::: Data in this exercise
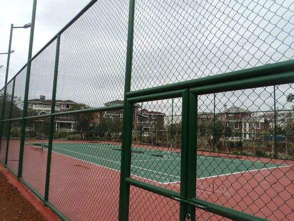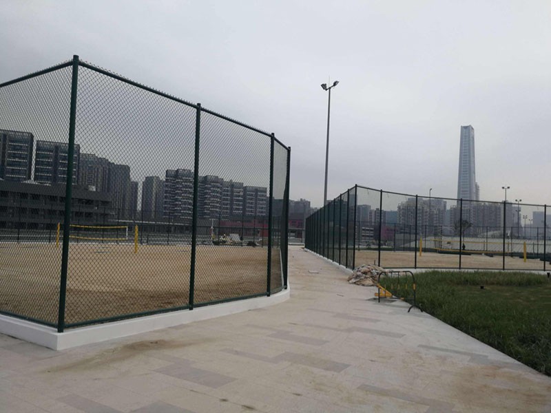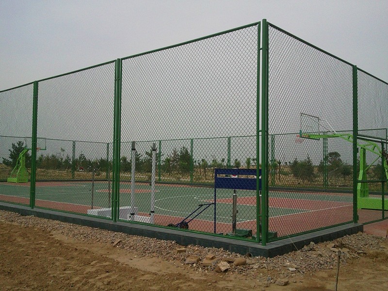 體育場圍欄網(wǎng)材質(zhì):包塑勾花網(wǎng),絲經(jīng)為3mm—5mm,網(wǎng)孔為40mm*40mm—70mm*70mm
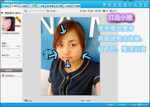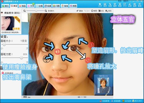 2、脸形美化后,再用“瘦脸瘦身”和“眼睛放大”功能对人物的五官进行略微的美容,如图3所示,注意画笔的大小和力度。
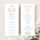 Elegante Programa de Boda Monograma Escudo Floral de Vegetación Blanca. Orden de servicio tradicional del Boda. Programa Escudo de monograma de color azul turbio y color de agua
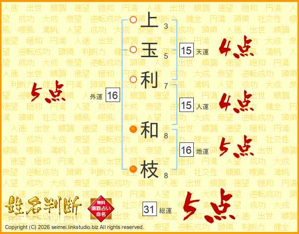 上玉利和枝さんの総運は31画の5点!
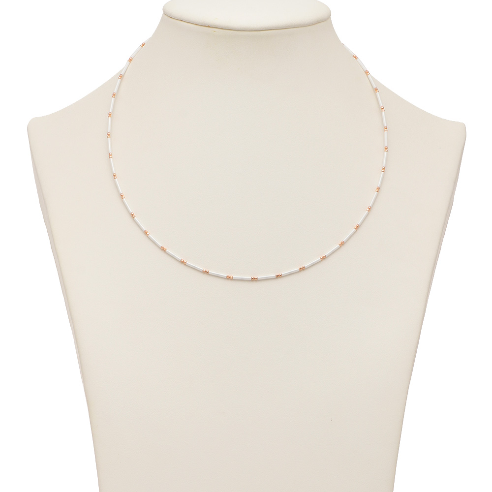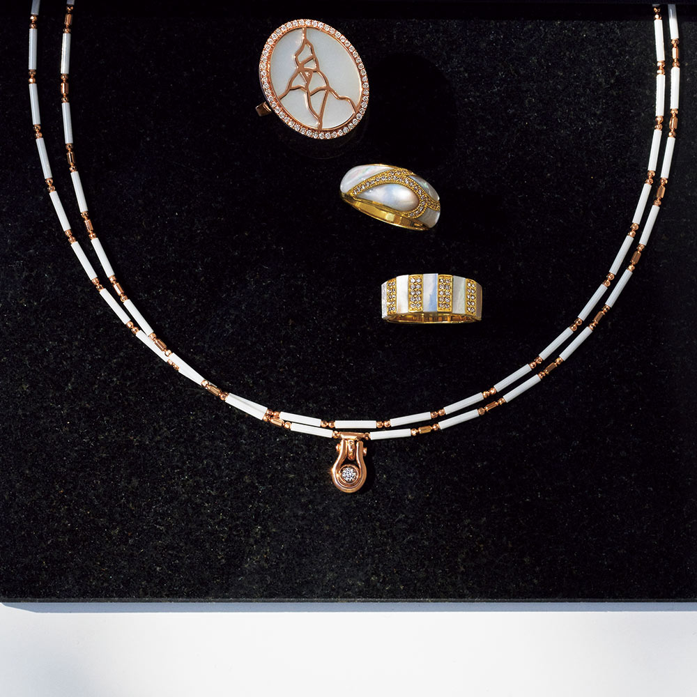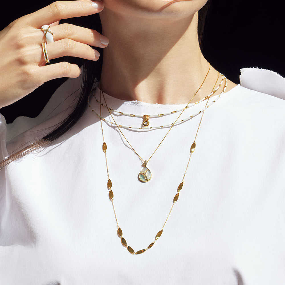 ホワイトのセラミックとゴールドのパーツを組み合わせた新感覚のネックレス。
::::::
::: Data in this exercise
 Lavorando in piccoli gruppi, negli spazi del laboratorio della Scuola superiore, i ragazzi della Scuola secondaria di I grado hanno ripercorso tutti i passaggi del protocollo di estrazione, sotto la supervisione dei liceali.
::::::
▸ **Exercise directions**:
Of the lines above, quote exactly those from the one with "體育場圍欄網(wǎng)材質" through the one with "ホワイトのセラミックとゴールドのパーツを組み合わせた新感覚のネックレス。", ends included; pictures stay out.

▸ **Response to the exercise**:
 體育場圍欄網(wǎng)材質(zhì):包塑勾花網(wǎng),絲經(jīng)為3mm—5mm,網(wǎng)孔為40mm*40mm—70mm*70mm
 2、脸形美化后,再用“瘦脸瘦身”和“眼睛放大”功能对人物的五官进行略微的美容,如图3所示,注意画笔的大小和力度。
 Elegante Programa de Boda Monograma Escudo Floral de Vegetación Blanca. Orden de servicio tradicional del Boda. Programa Escudo de monograma de color azul turbio y color de agua
 上玉利和枝さんの総運は31画の5点!
 ホワイトのセラミックとゴールドのパーツを組み合わせた新感覚のネックレス。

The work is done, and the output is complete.